Week7 03rd October 2020
Material for Week 7 of ML boot camp.
Prerequisites - you should be familiar and should at least be able to understand below
- Numpy
- Pandas
- Matplotlib
- Able to use sklearn to split the dataset in test and train datasets
- Able to use sklearn to pre-preocess the data and use sklearn pipelines
- Be clear with Theory of Linear Regression and be able to Use Linear Regression
Items ticked are highly recomended to be completed before session, unticked ones are for the more adventerous of you :)

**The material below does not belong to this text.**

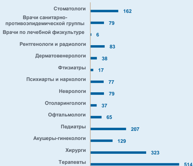
Численность врачей всех специальностей, человек

- Day1: Understand working with missing data AND Practice working on missing data
- Day2: Working with categorical data and Three practice datasets
- Day3: Use Pipelines to manage Missing values & categorical encoding at one go using SKLEARN PIPELINES, I am not adding any separate practice datasets as you can practice these concepts on same notebooks which i have provided for Linear Regression and Logistic Regression.
- Day4: Linear Regression: First go through this notebook. Then go through 2 notebooks I provided in week5. You can use Ames housing & Boston housing datasets to predict Prices.These datasets are from Missing value day1 link. You can use Automobile import dataset from day2 link to predict Prices of automobiles.
- Day5: Logistic Regression revise week6, Practice you skills on Titanic dataset to predict survival, Pima-Indian dataset to predict diabites.